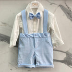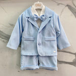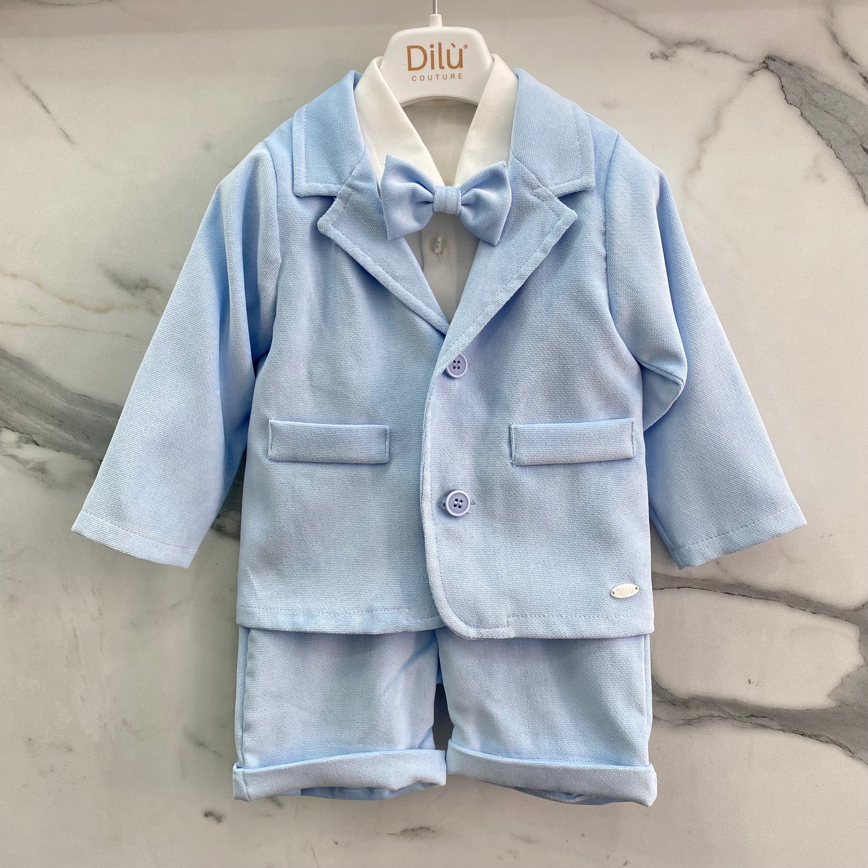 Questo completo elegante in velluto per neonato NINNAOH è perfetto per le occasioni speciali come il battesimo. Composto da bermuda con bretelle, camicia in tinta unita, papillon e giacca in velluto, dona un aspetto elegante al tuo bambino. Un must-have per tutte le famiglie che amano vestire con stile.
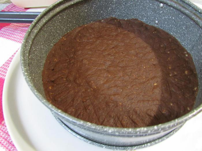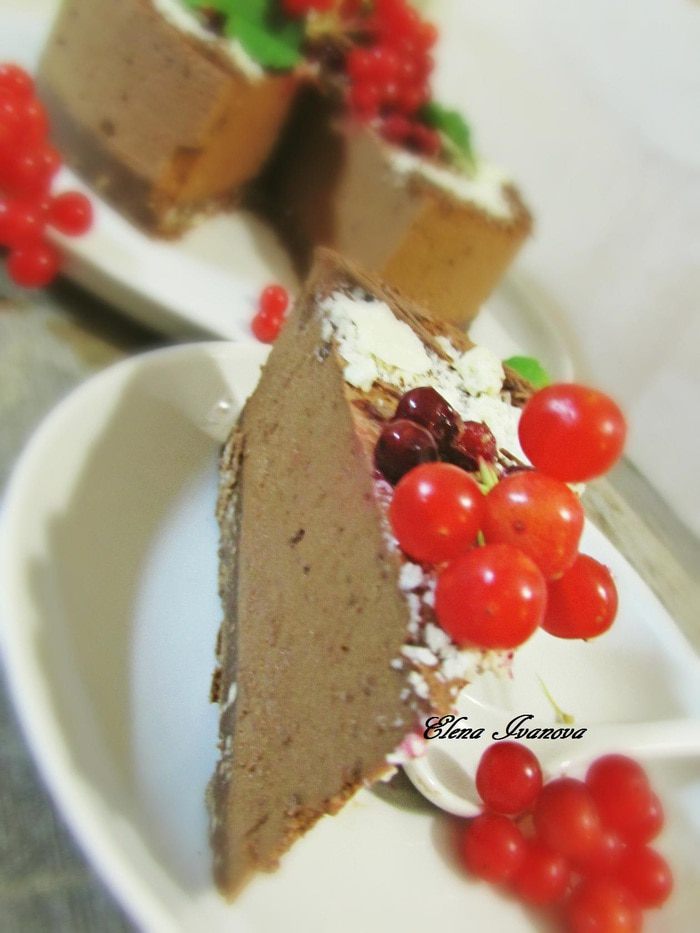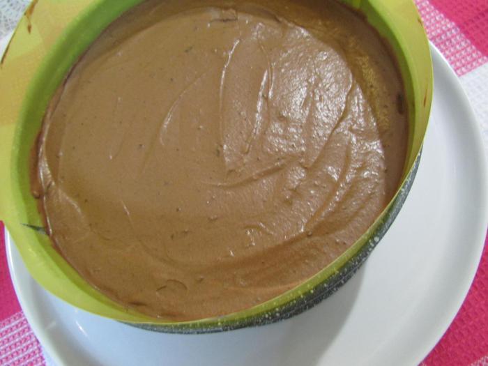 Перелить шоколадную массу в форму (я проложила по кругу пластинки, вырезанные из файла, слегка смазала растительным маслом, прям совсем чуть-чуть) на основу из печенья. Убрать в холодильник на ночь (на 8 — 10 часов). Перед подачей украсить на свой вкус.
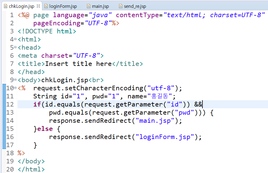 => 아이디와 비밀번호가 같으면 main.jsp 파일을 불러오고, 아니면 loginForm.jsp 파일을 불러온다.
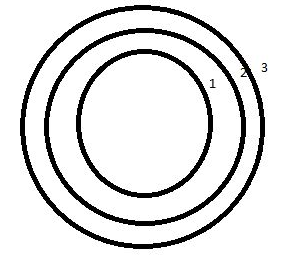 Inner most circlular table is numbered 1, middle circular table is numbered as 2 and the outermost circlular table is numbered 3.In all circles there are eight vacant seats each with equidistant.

--

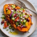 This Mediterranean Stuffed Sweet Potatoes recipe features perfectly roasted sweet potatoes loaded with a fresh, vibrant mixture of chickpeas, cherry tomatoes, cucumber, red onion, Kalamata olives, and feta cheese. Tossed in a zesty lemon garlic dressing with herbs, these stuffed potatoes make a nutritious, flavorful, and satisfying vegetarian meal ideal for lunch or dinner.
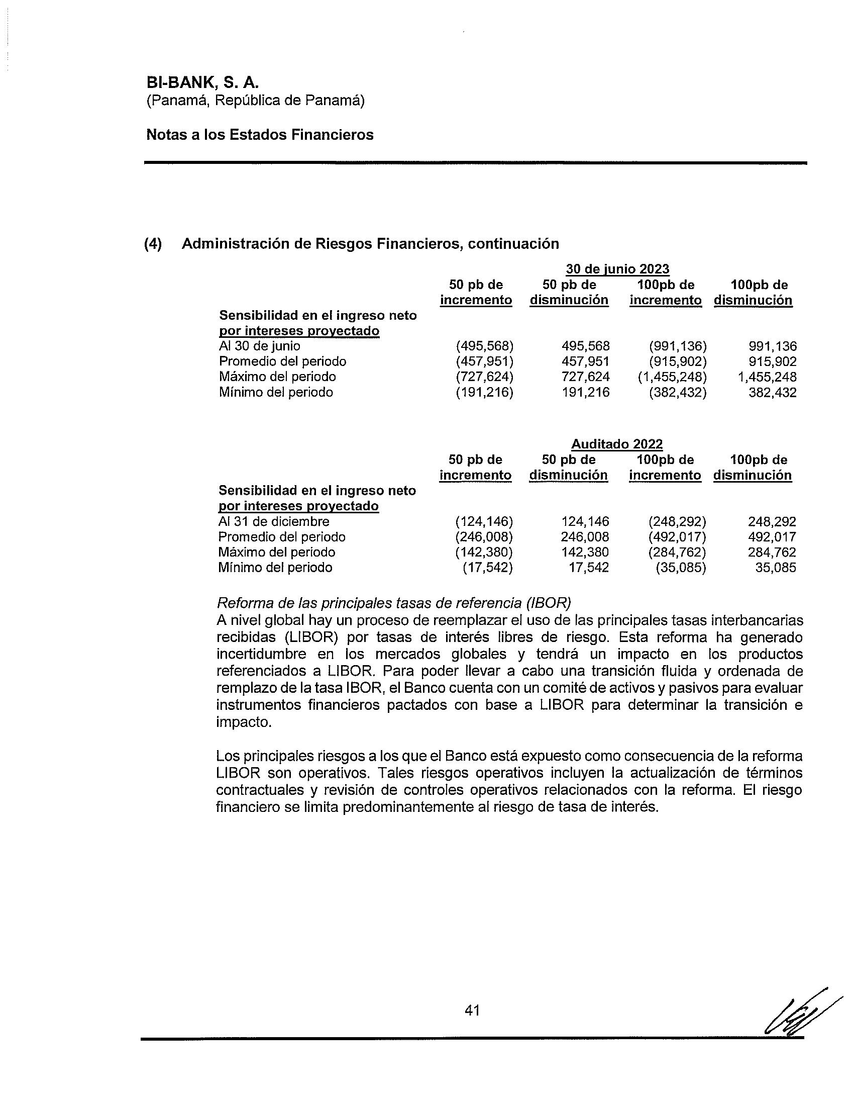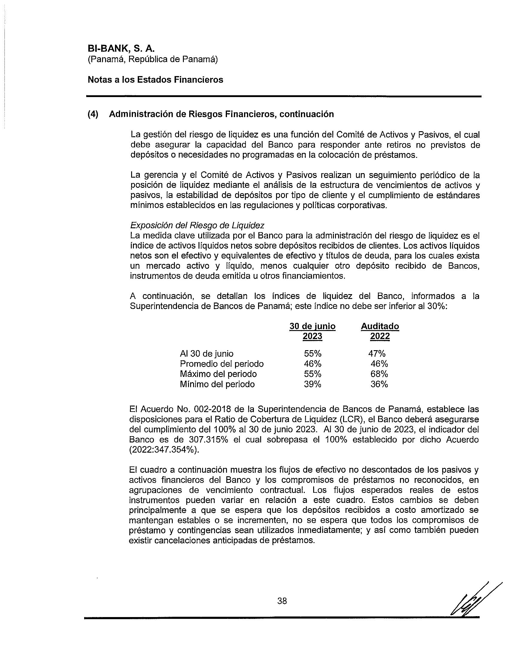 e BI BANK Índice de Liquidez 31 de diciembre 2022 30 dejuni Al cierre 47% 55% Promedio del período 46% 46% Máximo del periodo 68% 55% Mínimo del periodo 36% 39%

TASK DESCRIPTION:
Reproduce, exactly and only, the lines of the records above starting at the line with "Questo completo elegante" and ending at the line with "Inner most circlular", both included. Leave every picture out.

RESPONSE AREA:
 Questo completo elegante in velluto per neonato NINNAOH è perfetto per le occasioni speciali come il battesimo. Composto da bermuda con bretelle, camicia in tinta unita, papillon e giacca in velluto, dona un aspetto elegante al tuo bambino. Un must-have per tutte le famiglie che amano vestire con stile.
 Перелить шоколадную массу в форму (я проложила по кругу пластинки, вырезанные из файла, слегка смазала растительным маслом, прям совсем чуть-чуть) на основу из печенья. Убрать в холодильник на ночь (на 8 — 10 часов). Перед подачей украсить на свой вкус.
 => 아이디와 비밀번호가 같으면 main.jsp 파일을 불러오고, 아니면 loginForm.jsp 파일을 불러온다.
 Inner most circlular table is numbered 1, middle circular table is numbered as 2 and the outermost circlular table is numbered 3.In all circles there are eight vacant seats each with equidistant.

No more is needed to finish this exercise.